> _What is being asked_: Could you retype the records word for word but without any pictures?

> _Provided data_:
==*==

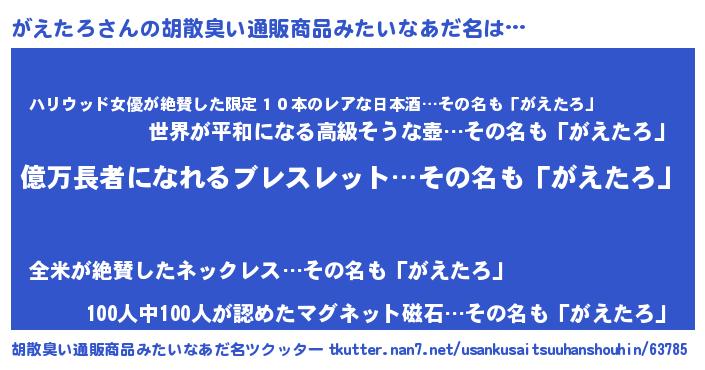 | 欧米人風あだ名 | 『マイケルがえたろ』『ダニエルがえたろ』 |
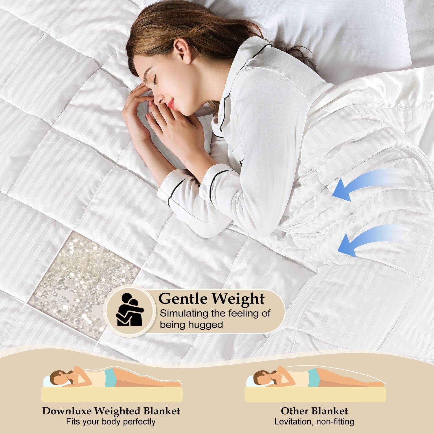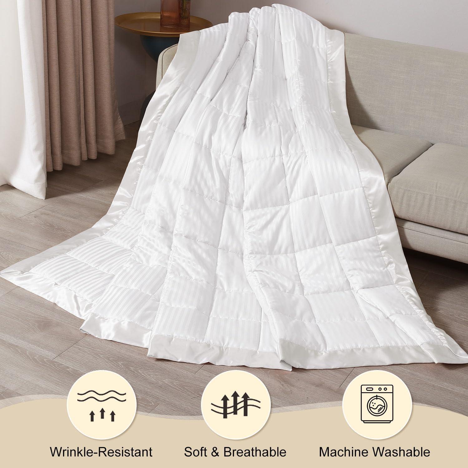 EXQUISITE PATTERN: It adopts exquisite straight stripe jacquard design craftsmanship with 3 inch satin binding. Breathe new life into your room while keep you comfort with an amazing weighted blanket
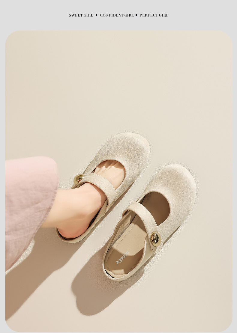 Aogu Shiden - Zapatillas de tacón bajo cerradas para mujer, estilo primavera 2026, suela blanda para exteriores, tipo Mary Jane, para combinar con faldas, zapatos de boca baja.
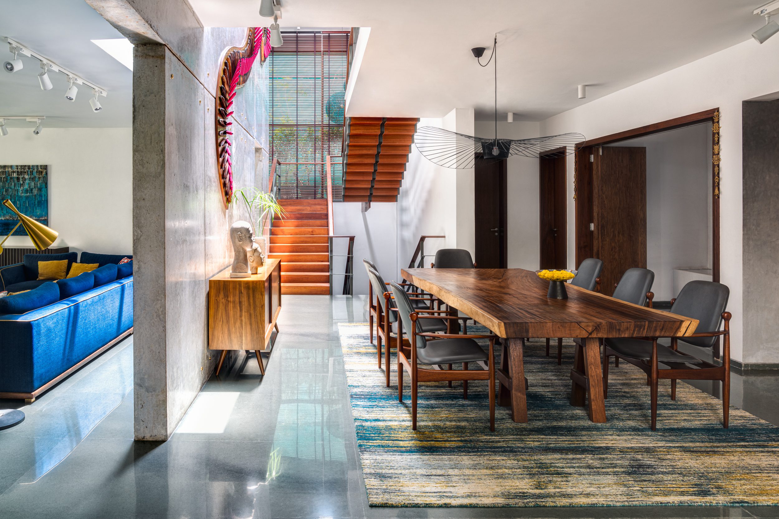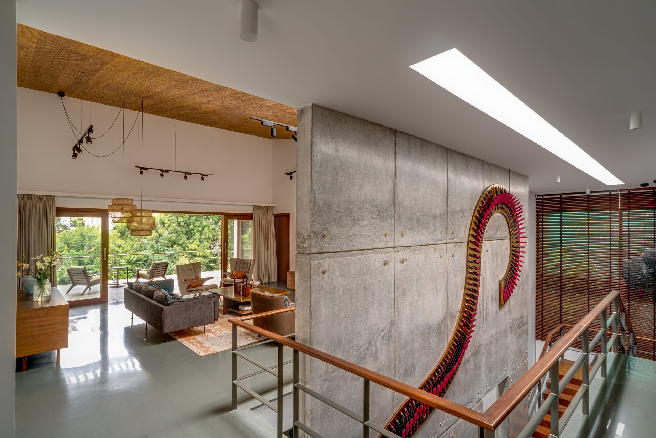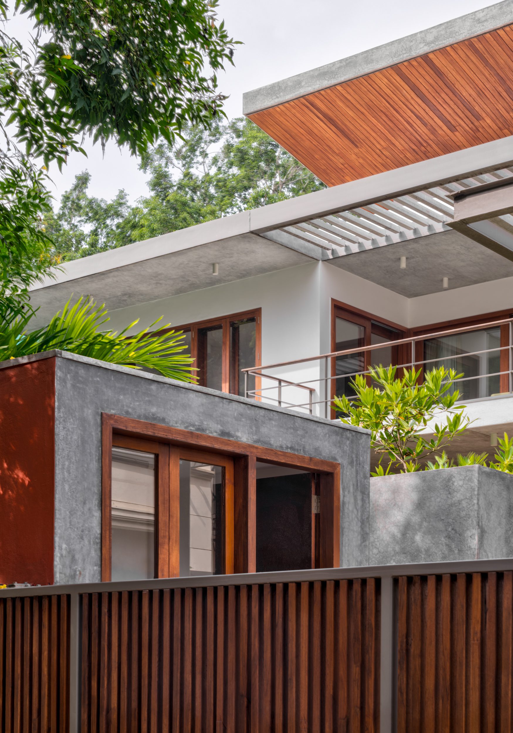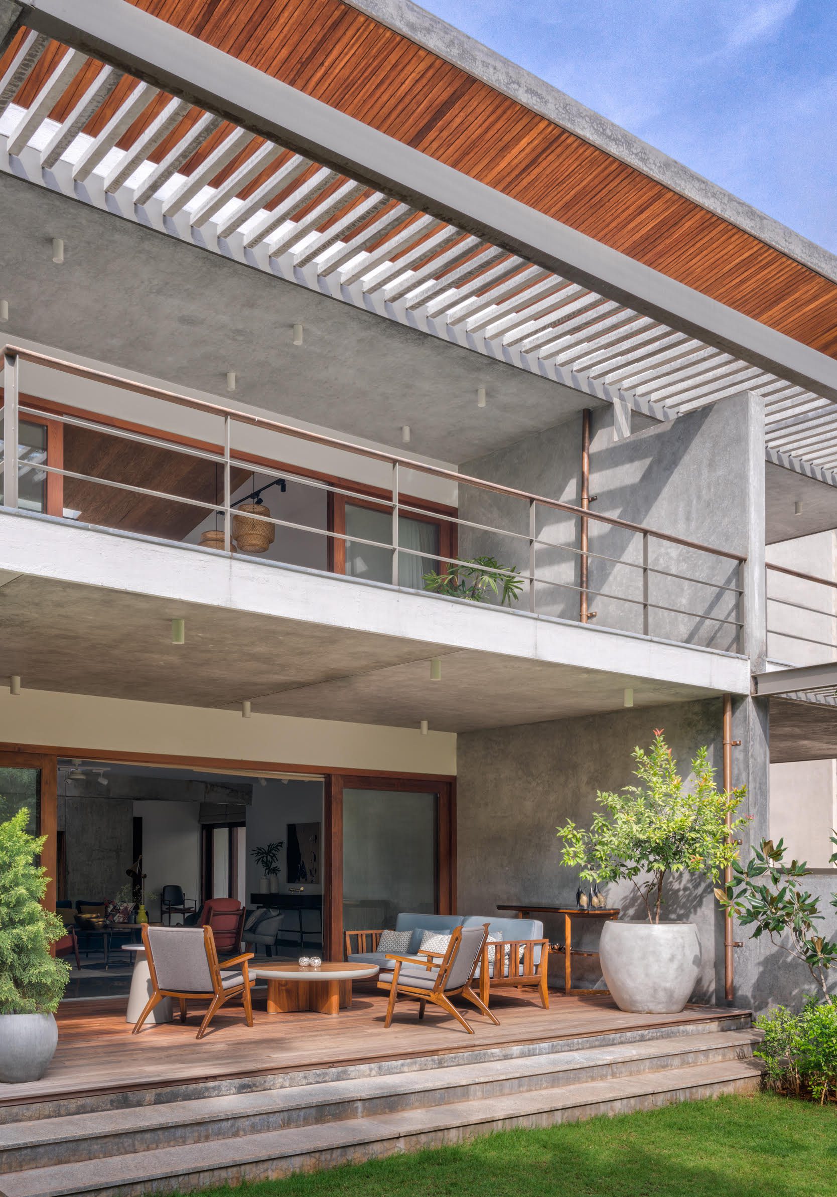 The house tells a narrative about its owners and what they do. The references to concrete construction as well as the textile traditions of Coimbatore adds a layer of rootedness and meaning. The spaces for the family and close friends are warm and interactive and the connect with nature is constant.
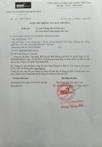 Chi tiết về Quyết định này cũng đã được công bố trên trang thông tin điện tử của Công ty vào ngày 20/02/2024 tại đường dẫn : www.bgi.vn mục Cổ đông/Công bố thông tin
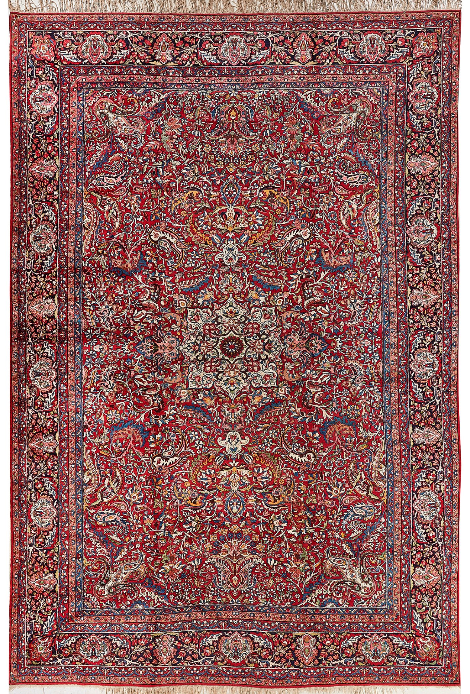 Persien. Wolle auf Baumwolle. Im roten Innenfeld kartuschenförmiges Zentralmedaillon sowie flächendeckend dichte, arabesk angeordnete Musterung aus üppigen Blüten und Lanzettblättern. Umlaufend breite Hauptbordüre aus großen Palmetten, flankiert von schmalen Bändern. 325 cm x 466 cm.
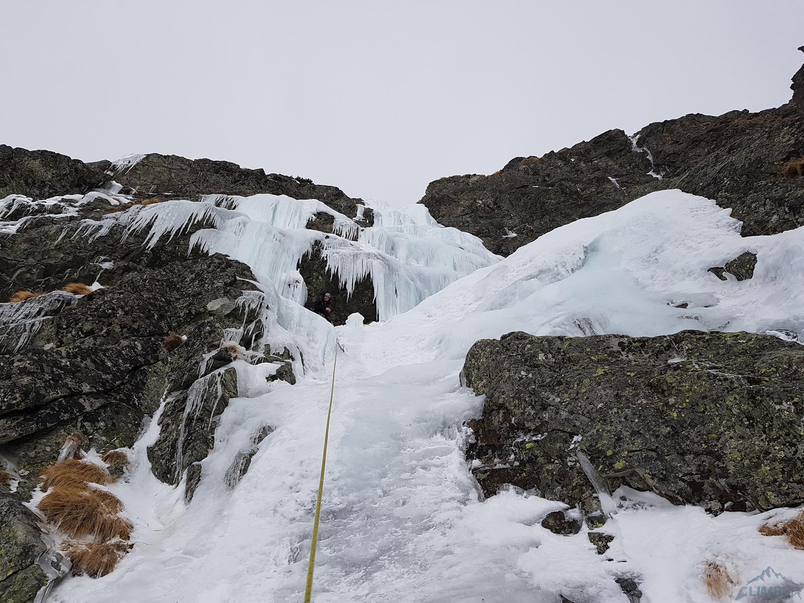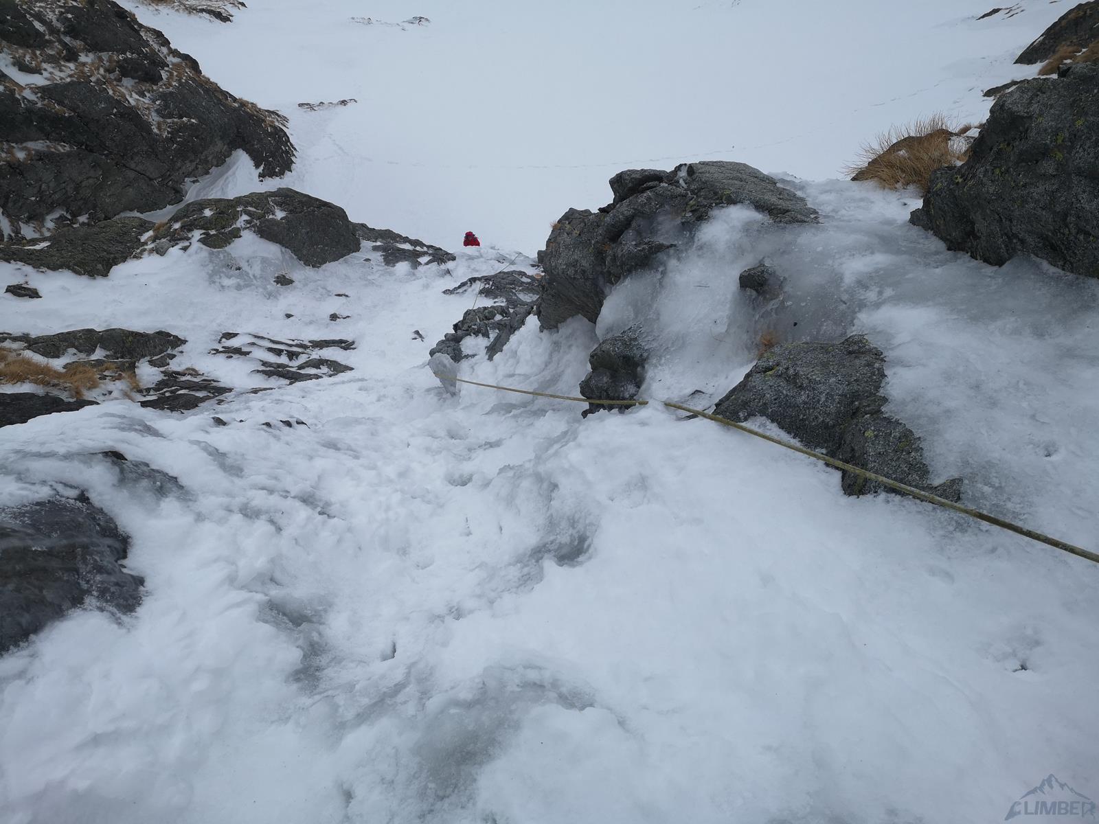 Na pierwszym wyciągu napotykamy miękki lód, miejscami trzeba wspinać się mikstowo, asekurując się również w skale. Idę prawie na całą długość liny i dochodzę do stanowiska ze spitów pod kolumną lodową. Ściągam Anię i proponuję wspinanie trudniejszym wariantem, wprost do góry – łatwiej byłoby bowiem obejść próg po lewej stronie. Po przejściu kolumny, wspinam się kolejnymi progami aż do kolejnego gotowego stanowiska (znowu prawie 60 metrów), zlokalizowanego pomiędzy lodowymi kurtynami.

==*==

> _Problem solution_:
 | 欧米人風あだ名 | 『マイケルがえたろ』『ダニエルがえたろ』 |
 EXQUISITE PATTERN: It adopts exquisite straight stripe jacquard design craftsmanship with 3 inch satin binding. Breathe new life into your room while keep you comfort with an amazing weighted blanket
 Aogu Shiden - Zapatillas de tacón bajo cerradas para mujer, estilo primavera 2026, suela blanda para exteriores, tipo Mary Jane, para combinar con faldas, zapatos de boca baja.
 The house tells a narrative about its owners and what they do. The references to concrete construction as well as the textile traditions of Coimbatore adds a layer of rootedness and meaning. The spaces for the family and close friends are warm and interactive and the connect with nature is constant.
 Chi tiết về Quyết định này cũng đã được công bố trên trang thông tin điện tử của Công ty vào ngày 20/02/2024 tại đường dẫn : www.bgi.vn mục Cổ đông/Công bố thông tin
 Persien. Wolle auf Baumwolle. Im roten Innenfeld kartuschenförmiges Zentralmedaillon sowie flächendeckend dichte, arabesk angeordnete Musterung aus üppigen Blüten und Lanzettblättern. Umlaufend breite Hauptbordüre aus großen Palmetten, flankiert von schmalen Bändern. 325 cm x 466 cm.
 Na pierwszym wyciągu napotykamy miękki lód, miejscami trzeba wspinać się mikstowo, asekurując się również w skale. Idę prawie na całą długość liny i dochodzę do stanowiska ze spitów pod kolumną lodową. Ściągam Anię i proponuję wspinanie trudniejszym wariantem, wprost do góry – łatwiej byłoby bowiem obejść próg po lewej stronie. Po przejściu kolumny, wspinam się kolejnymi progami aż do kolejnego gotowego stanowiska (znowu prawie 60 metrów), zlokalizowanego pomiędzy lodowymi kurtynami.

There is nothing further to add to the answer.